Sampling can be used to test the waters in a variety of other ways as well. In preprocessing, sampling can be used to determine that document collecting for the database has been thorough and relevant. Sampling can be used to whittle down the corpus by a process of search, sample, analyze, and assign. Additionally, sampling can test the search parameters proposed by each party in the Meet and Confer process in the case to drive the thorough collection and review procedures. It is a tool that Cavo eD allows users to deploy at any point in the eDiscovery process to assist in understanding the document corpus.
How does Sampling Help?
One of the greatest uses of statistics and sampling is to generalize from knowledge of sample data to (very likely accurate) knowledge of a larger population. It allows you to gain a quick understanding of what your document corpus contains. It is not a complete picture, but a representative idea that can be used to determine a methodology for document review. Using a built in Sampling Generator assures you that the results are consistently determined regardless of who is doing the work.
The randomizer built in to Cavo eD allows you to select documents according to conditions that you set and control, with each document in the population having an equal likelihood of being chosen as part of the sample. The Sampling Generator allows the user to control three key measures:
- Margin of Error
- Confidence Level
- Probability distribution
A Practical Application of Sampling
The use of sampling that I am going to discuss today is how to take a mathematical sampling of documents and email messages to help develop accurate Tag Profiles and Rules so that a review can proceed quickly and efficiently. Taking the time to do this type of analysis and review a sample set of documents will reduce the number of rules changes that need to be made once the review has started.
To sample the entire database or subsection of the database, you either select a review set or other collection of documents in the Case Navigator (they could be the entire corpus or the result of a specific search.) From the Reviewer module on the Ribbon Bar, Click on Current Results and then Take Sample from the dropdown menu.In the Take Sample panel. You will note that we have set the defaults for the most common sampling formulas that provide a good cross section of data, these can be adjusted on the fly.
- Margin of error defaults to 5%:
- The Confidence level defaults to 95%,
- Probability distribution defaults to 50%.

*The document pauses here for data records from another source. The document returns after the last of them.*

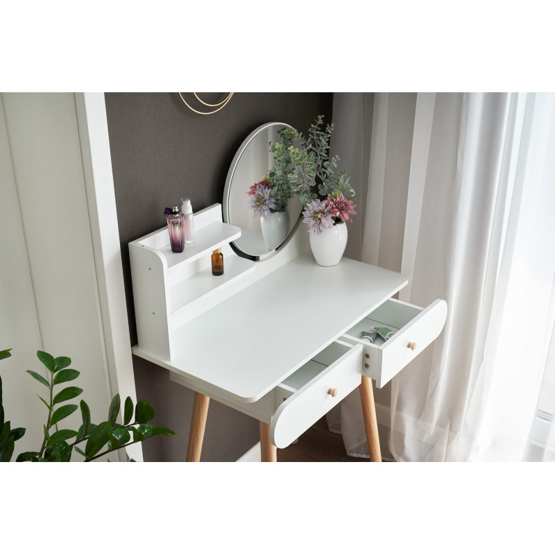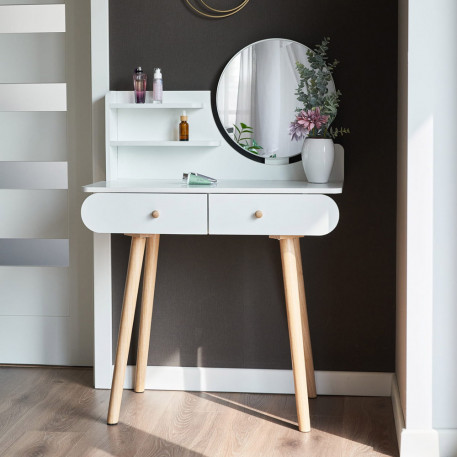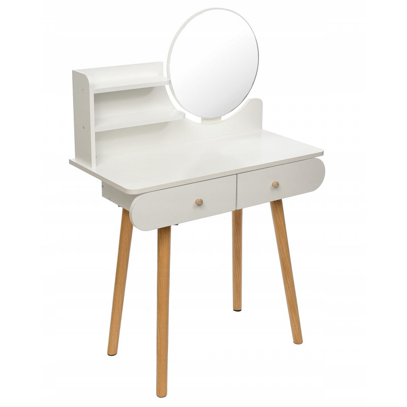 Aceasta piesa de mobilier este perfecta pentru dormitor, fiind un loc practic pentru machiaj, coafura, ingrijirea zilnica a frumusetii, precum si pentru a scrie o scrisoare sau pentru a depozita o varietate de obiecte mici. UTILIZARE OPTIMA SI PRACTICA - sertare, ideale pentru cosmetice, bijuterii, chitante, instrumente de scris si orice obiecte mici care vor avea in sfarsit locul lor,- rafturi convenabile pentru a tine obiectele folosite zilnic, cum ar fi crema de maini, un recipient de perii pentru pudra, parfum si accesorii pentru par,- o suprafata de lucru care va permite, de asemenea, sa folositi masuta de toaleta ca birou,- o oglinda, astfel incat sa va puteti vedea coafura si machiajul in detaliu din toate partile,- o zona de depozitare convenabila pentru taburete SPECIFICATIILE PRODUSULUI Material Tabla MDFCuloare alb Inaltimea mobilierului 122 cm Latimea mobilierului 80 cm Adancimea mobilierului 40 cm Diametrul oglinzii 40 cm Asamblare Pentru autoasamblare *Articolele prezentate in imagine (bijuterii, cosmetice) nu fac parte din masa de toaleta.
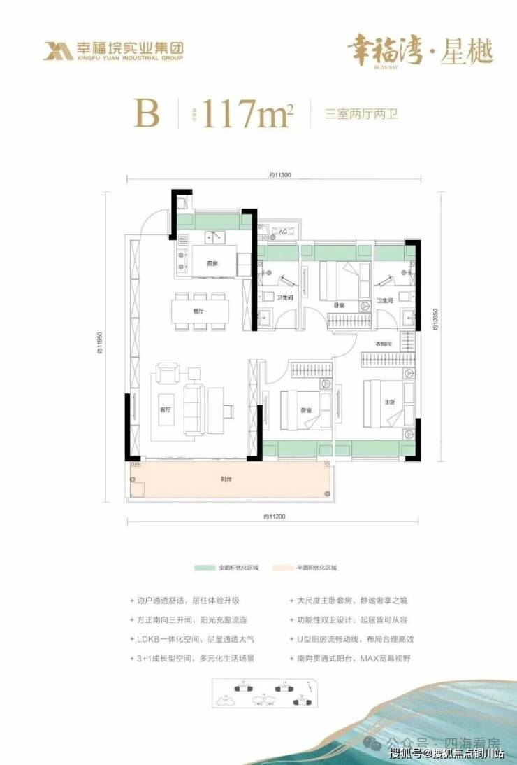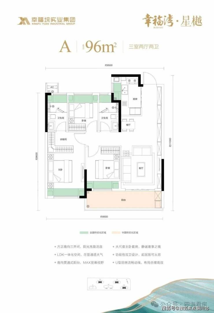 1、优化后空间使用率最高约97%;2、方正南向三开间;3、LDKB一体化空间;4、南向贯通式阳台;5、大尺度主卧套房;6、功能性双卫设计;7、U型厨房流畅动线。
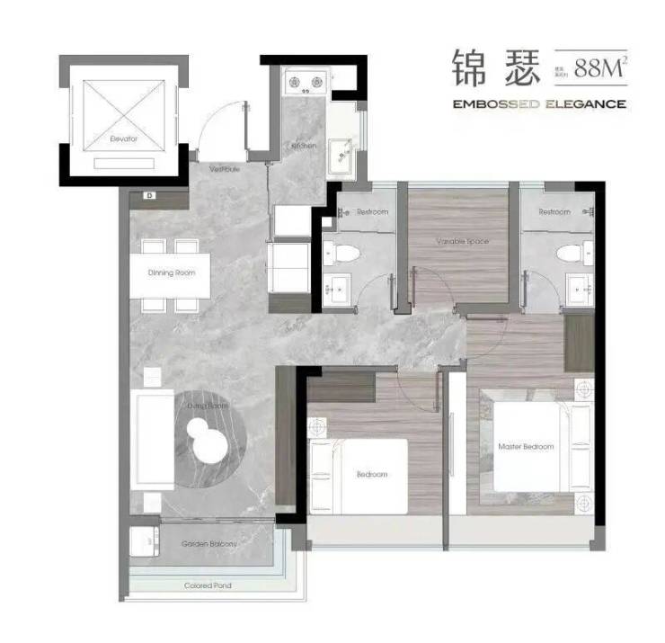 ④建面约88㎡南向臻品户型奢厅入户 尊崇归家
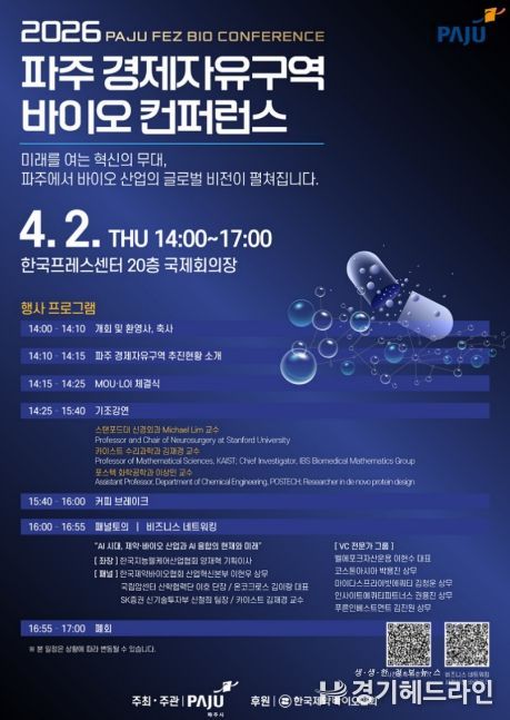 [경기헤드라인=김홍량 기자] 파주시는 오는 4월 2일 14시, 서울 중구 한국프레스센터 국제회의장에서 녪파주 경제자유구역 바이오 컨퍼런스’를 개최한다.
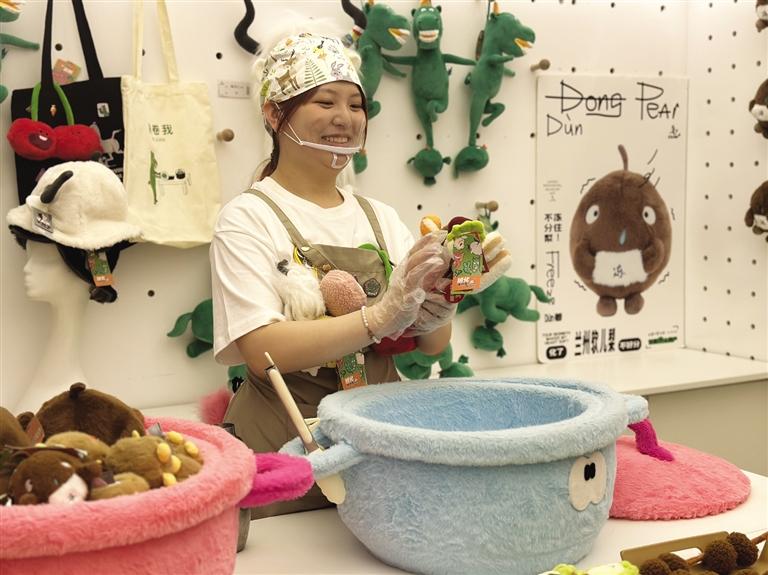 在甘肅省博物館藝術(shù)生活館的購物專區(qū),各種食材被做成了毛絨玩具,統(tǒng)一放進(jìn)加大號(hào)的毛絨砂鍋,顧客還可以根據(jù)口味“私人訂制”,最后得到一把全食材版的玩具花束。不少網(wǎng)友看過視頻后,留言“很符合年輕人的‘口味’。”

- The system then calculates the minimum sample that you should select in the Recommended Section based on the overall size of the collection that you are sampling and places that number in the Enter a Sample Size. This can be overriden based on the conditions required by the user.
- Click Take a Sample. The results display in a Document Grid.
- Examining this sample document set will give you an excellent cross-section of likely documents in the larger population. Reviewing the sample will allow you to create Tag Profiles and Rules that are relevant to this particular case, based on ideas, themes and concepts that you determine are important from the sample.